This Is My Hobby

I want to start a “meta ISP.”

When you sign up with your ISP, you’re paying for transit. They carry your data from one network to the other.

But now let’s say that I’m a mediocre residential ISP. I buy connectivity from a couple different upstream providers, and use BGP to make sure your data takes the fastest route. This is what most people do. It works.

Let’s further say that you run an extremely popular site, maybe one of the top 100 sites out there. You have a mediocre IT team. You have enormous bandwidth, coming in from three different carriers. You, too, use BGP to make sure that your outgoing traffic takes the quickest route.

So everything works. Traffic flows between the two networks. What’s the problem?

Well, it turns out that you, Mr. Big Site, have some of your core routers in a major data center out this way. And I, Mr. Big ISP, also have a few core routers in that building. This is really pretty common–there’s a (very aptly-named) network effect with transit. When several big guys move into a building, all of a sudden, more people want to be there too. So you get sites like One Wilshire, a thirty-story building in LA full of networking equipment.

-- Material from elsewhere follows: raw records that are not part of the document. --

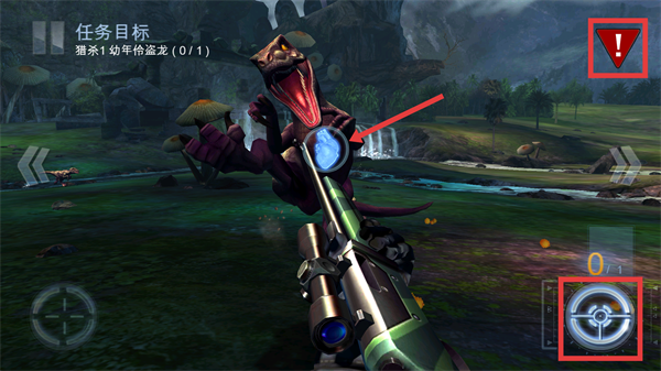 4、当【幼年伶盗龙】扑袭而来时,瞄准其心脏部位点击射击键,可一击毙命,顺利完成本次猎杀任务。
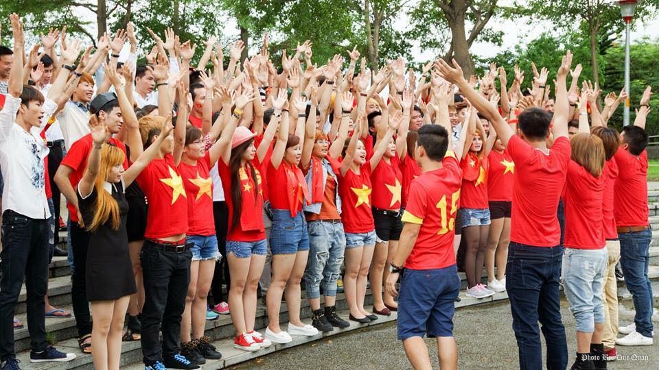 | Fan nữ Phạm Quỳnh cùng bạn ở Đài Loan nhiệt tình làm "hướng dẫn viên" cho các tuyển thủ. |
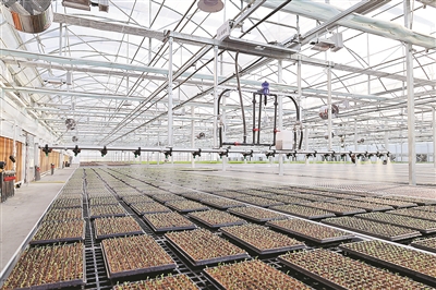 在“謝徑安·傳化農(nóng)創(chuàng)村”的數(shù)字種苗工廠自動播種線,通過基質(zhì)處理、填土、打孔、播種、覆土、噴水以及碼垛等自動化流水線播種,一粒粒細小的種子精準入“土”,播種速度可達12萬粒/小時,相比手工播種提速近80倍,播種精準度超過99%。待項目全部投入運營,預計每年可向杭州及周邊地區(qū)種植戶提供優(yōu)質(zhì)種苗2800余萬株,輻射帶動種植面積5000畝以上。

They’re very confidential about their tenants, but “word on the street” is that every network you’ve heard of, and plenty you haven’t, is in there. (When viewing that picture, by the way, it’s worth noting that these wires don’t go to some secretary’s PC. Each is probably carrying between 100 Mbps and 10 Gbps of traffic between various ISPs and major networks… Also an interesting note to the photo, they supposedly keep an elaborate database and label each wire, so that this huge rat’s nest is actually quite organized.)

Since we’re both huge companies, we’re each paying six figures a month on Internet. But when one of my customers views your site, they go through a few different ISPs, and across multiple states, before it arrives on your network. It’s asinine, but that’s how the networks work.

So we wise up to this. I call you up, and we run a Gigabit Ethernet line between our racks. And all of a sudden, life is peachy. Data travelling over that line–my customers viewing your site–is free. My bandwidth bills drop, and speeds improve, too. This is the world of peering. And, strangely, the mutually-beneficial practice is rarely done.

I think there’s a market for a big middleman here. The last mile (that would be a good book title, if a telecom magnate wanted to write his memoirs) is difficult–running lines to consumers’ homes. Similarly, it’s hardly trivial to become a Tier 1 ISP, a sort of ‘core backbone’ of the Internet. But an intermediary broker? Easy enough to do.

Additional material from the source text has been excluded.